Great championship games: Dana Jones dominates Fremont with 29 points in 1990 City 3-A final
With the spring high school sports season canceled, prep columnist Eric Sondheimer is looking back on some of the most memorable championship games in Southern California history.
Not many people tabbed Dana Jones of North Hollywood as the best basketball player in the City Section in the winter of 1990. He was 6 feet 6 and signed early with Pepperdine, whose coach, Tom Asbury, would soon discover he had come up with the steal of the class of 1990.
The message was clear on a memorable March night at the Sports Arena in the City Section Division 3-A championship game. Top-seeded Fremont was supposed to easily handle No. 10 North Hollywood.
Jones would have none of it. He scored 29 points and grabbed 29 rebounds to lead the Huskies to their first basketball championship, a 76-71 win over the Pathfinders.
“It was my greatest game,” Jones said. “I remember having that feeling being from Los Angeles growing up down the street from the Sports Arena that something historic was happening but feeling at the same time being a big underdog and everyone having picked Fremont to win.”
Coach Steve Miller had prepared his team by playing a tough non-league schedule that resulted in several losses but also gave players a preview of what they might face in the playoffs.
“The actual game is as clear as yesterday,” Jones said. “At the end of the day, we were prepared. We played certain teams in the preseason to prepare us for big games. The key was our poise under pressure. We weren’t intimidated at all. Our confidence really carried us to victory.”
And Fremont had no answer for Jones, who’d go on to be the top freshman in the West Coast Conference and the player of the year as a junior.
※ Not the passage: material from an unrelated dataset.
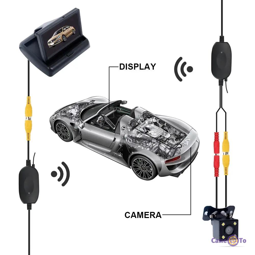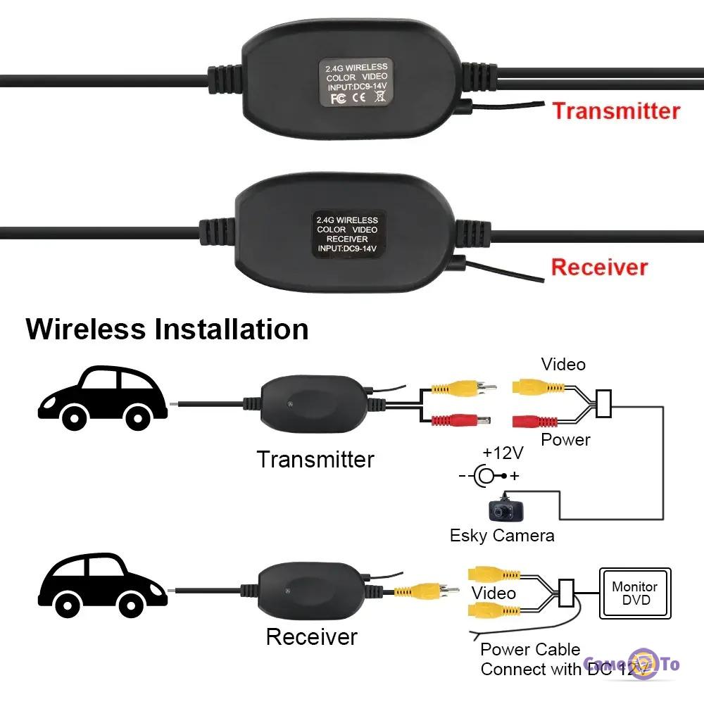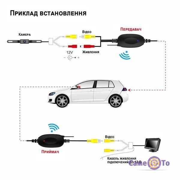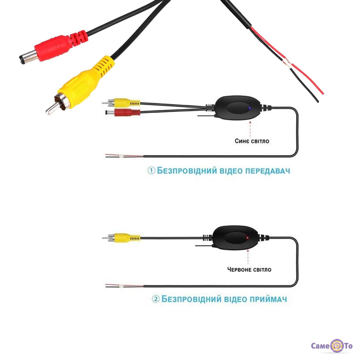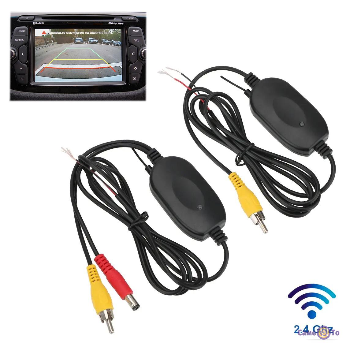 Виріб оснащений спеціальним роз'ємом RCA та круглим штекером для підключення камер заднього виду. Це передавач 2.4 ГГц, тобто така його робоча частота бездротової передачі сигналу.

“He was possessed,” Miller said. “He wanted it so badly. He did everything any coach could imagine on the floor to win the game.”
Jones remembers his coach telling him the night before how he was going to have his best game.
“He would always pull me aside and do those little things to me,” Jones said. “I knew what he was doing. I needed that at my stage of my career. It goes a long ways when your coach believes in you like that. He said in order for us to win, I would have to have the best game of my career.
“I run into people today and they say how lucky we were and to this day it kills me. There was no luck involved. I don’t know if I was in a zone or not, but my teammates put me in that position. Everybody played the game of their lives.”
Jones recalled that no one was going to keep him off the boards.
“I remember all the rebounds, just flying through the air and trying to flag every rebound coming off the rim offensive and defensive,” he said.
Jones is now a personal trainer and physical therapist in Los Angeles.
Asked what lessons he learned that night in 1990, he said, “I learned that the coaching staff was prepared. The second thing is it’s a team game. If you play with that mind set and understand that, you get to be a champion and talk about this game when you’re 48 years old.”